3. but if experience did not have, in addition to its subjective character, some objective nature that could be studied from different points of view, then how could we say that a Martian or even a human neurophysiologist was studying my mental processes, only from a different point of view, as he might study, say, lightning from a different point of view? 

4. (In other words, I think Nagel is trying to say, these experiences must have some objective existence.)

E. this raises a problem for mind-brain reduction

1. in successful types of reduction, we move in a direction toward greater objectivity and away from a specifically human point of view (534)

a. e.g., sound = waves in a medium (535)

b. blue = short wave lengths of light

c. members of different species here could refer to a common reality only by leaving their species point-of-view behind

2. however, it does not seem that we can follow this model with experience

a. here it seems to make no sense to talk about moving from subjective appearance to objective reality

b. it does not seem that we can get to the underlying reality by leaving the human point of view behind and characterizing our experience in such a way that even aliens could understand

c.  in fact, this would take us further from, rather than closer to, the real nature of human experience

F. Nagel is critical of recent philosophy that tries to substitute an objective or behavioral account of mind for the "real thing" so that there will be nothing left over that cannot be reduced (535 q.v.)

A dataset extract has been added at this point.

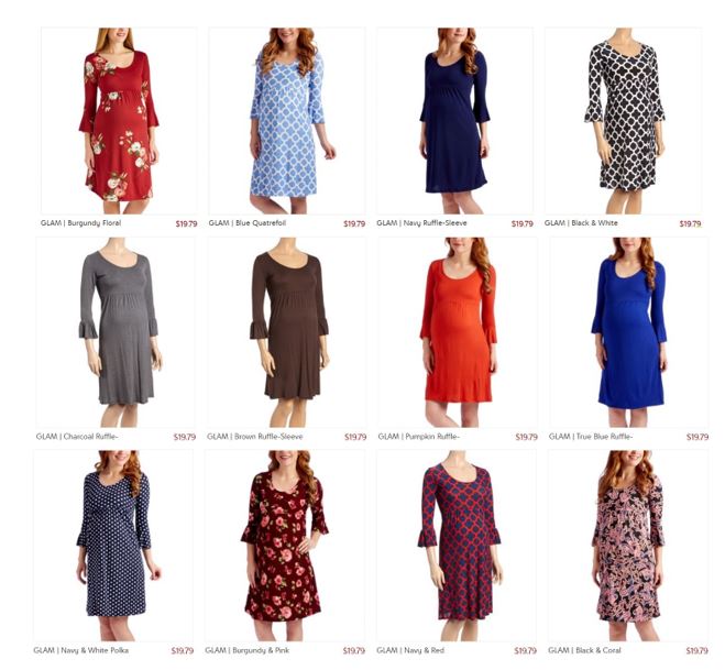 This is the cutest Maternity Dress! I love the bell sleeves. It comes in dozens of patterns. It would look super cute with leggings and boots for colder weather. Only $19.79 (regularly $70)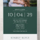 Un élégant minimaliste vert émeraude tout en un faire-part de mariage avec votre photo, date spéciale et détails mariages ensemble dans la typographie classique et chic. L'invitation comprend une carte RSVP perforée qui peut être adressée individuellement ou laissée en blanc pour que vous puissiez écrire à la main les coordonnées de votre invité. Conçu par Thisisnotme©

1. If we believe that a physical theory of the mind should explain the subjective character of experience, we have to admit that no such theory does this (535)

2. If it is true that mental processes are physical brain processes, it is nevertheless true that there is something that it is like to undergo such brain processes

3. What it is for this to be true remains a mystery

G. however, Nagel does not wish to conclude that physicalism is false (536)

1. if a physicalist hypothesis begins with a faulty analysis of mind, we cannot conclude anything

2. What we should say is that physicalism is a position we cannot even understand because we have no idea what it would be like for it to be true

H. Objection: the physicalist claim that "mental states are brain states" is not meaningless

1. in order to understand it, it is not necessary to know which brain states they are

2. all we need to know is the meaning of "is" or "are," and what could be simpler?

I. Reply:

1. the apparent clarity of "is" is deceptive

2. our understanding of sentences like "X is Y" depends on our knowledge of X and Y and what they refer to, and not on the meaning of the word "is" (536)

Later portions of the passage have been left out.